→ **TASK PROMPT**: Please reproduce the data exactly, though every picture must stay out.

→ **PROVIDED MATERIAL**:
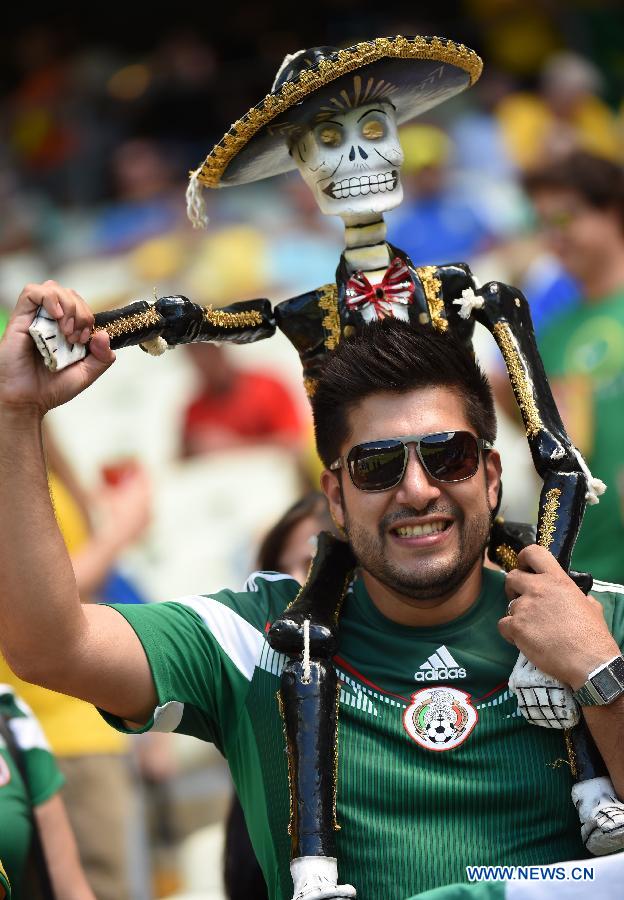 A Mexico's fan cheers prior to a Round of 16 match between Netherlands and Mexico of 2014 FIFA World Cup at the Estadio Castelao Stadium in Fortaleza, Brazil, on June 29, 2014.(Xinhua/Li Ga)
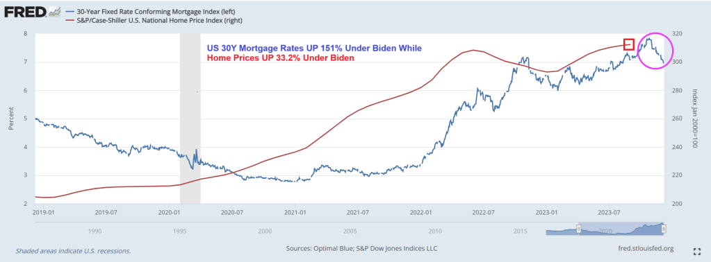 Mortgage rates, despite coming down recently, are still up 151% under Biden. And home prices are up 33.2%. So much for affordable housing for those renting.
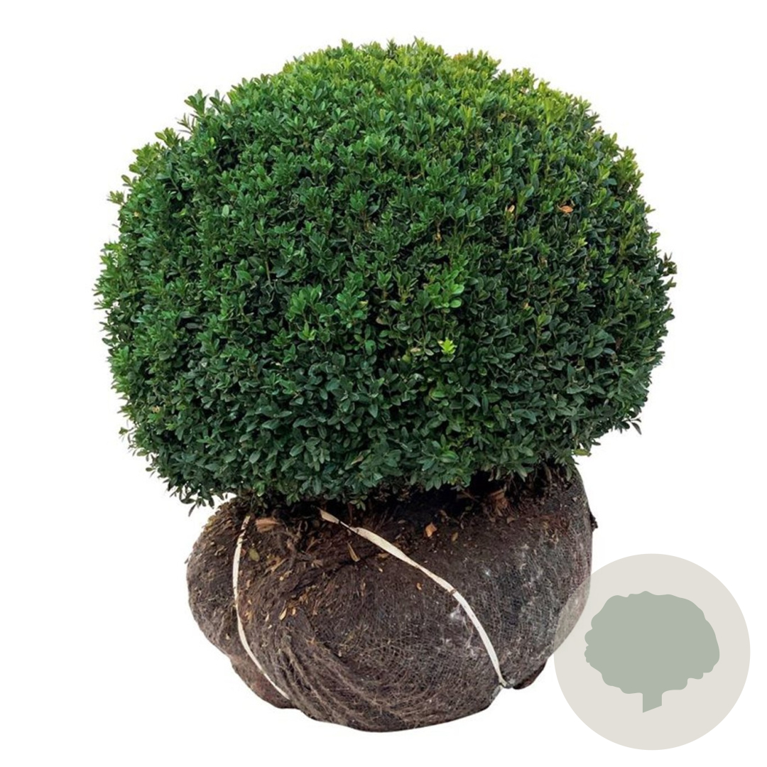 ToelichtingDe Buxus, ook wel bekend als Palmboompje, is een groenblijvende struik met donkergroene bladeren en gele bloemen in april en mei. Perfect voor zon en halfschaduw op zand-, klei- en neutrale grond. Bereikt een hoogte van 150 cm.
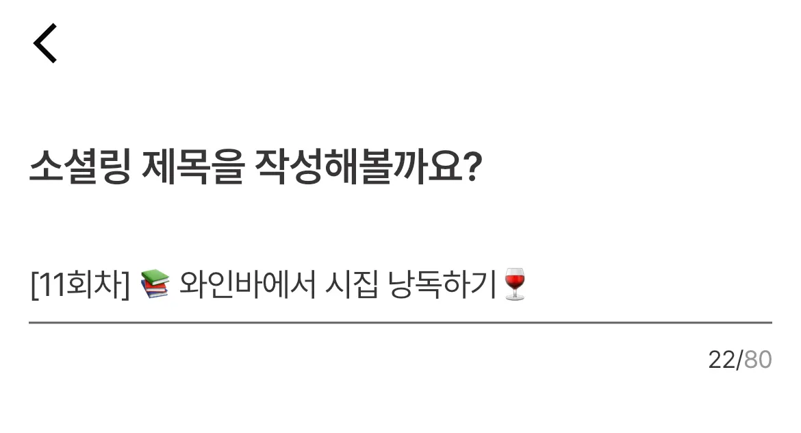 문토 멤버분들 중 73.8%가 제목 맨 앞에 진행된 회차를 넣은 소셜링이 더 이목을 끈다고 답변했어요. (ex. [8회차] 해방촌에서 시그니처 칵테일 한 잔?

→ **TASK ANSWER**:
 A Mexico's fan cheers prior to a Round of 16 match between Netherlands and Mexico of 2014 FIFA World Cup at the Estadio Castelao Stadium in Fortaleza, Brazil, on June 29, 2014.(Xinhua/Li Ga)
 Mortgage rates, despite coming down recently, are still up 151% under Biden. And home prices are up 33.2%. So much for affordable housing for those renting.
 ToelichtingDe Buxus, ook wel bekend als Palmboompje, is een groenblijvende struik met donkergroene bladeren en gele bloemen in april en mei. Perfect voor zon en halfschaduw op zand-, klei- en neutrale grond. Bereikt een hoogte van 150 cm.
 문토 멤버분들 중 73.8%가 제목 맨 앞에 진행된 회차를 넣은 소셜링이 더 이목을 끈다고 답변했어요. (ex. [8회차] 해방촌에서 시그니처 칵테일 한 잔?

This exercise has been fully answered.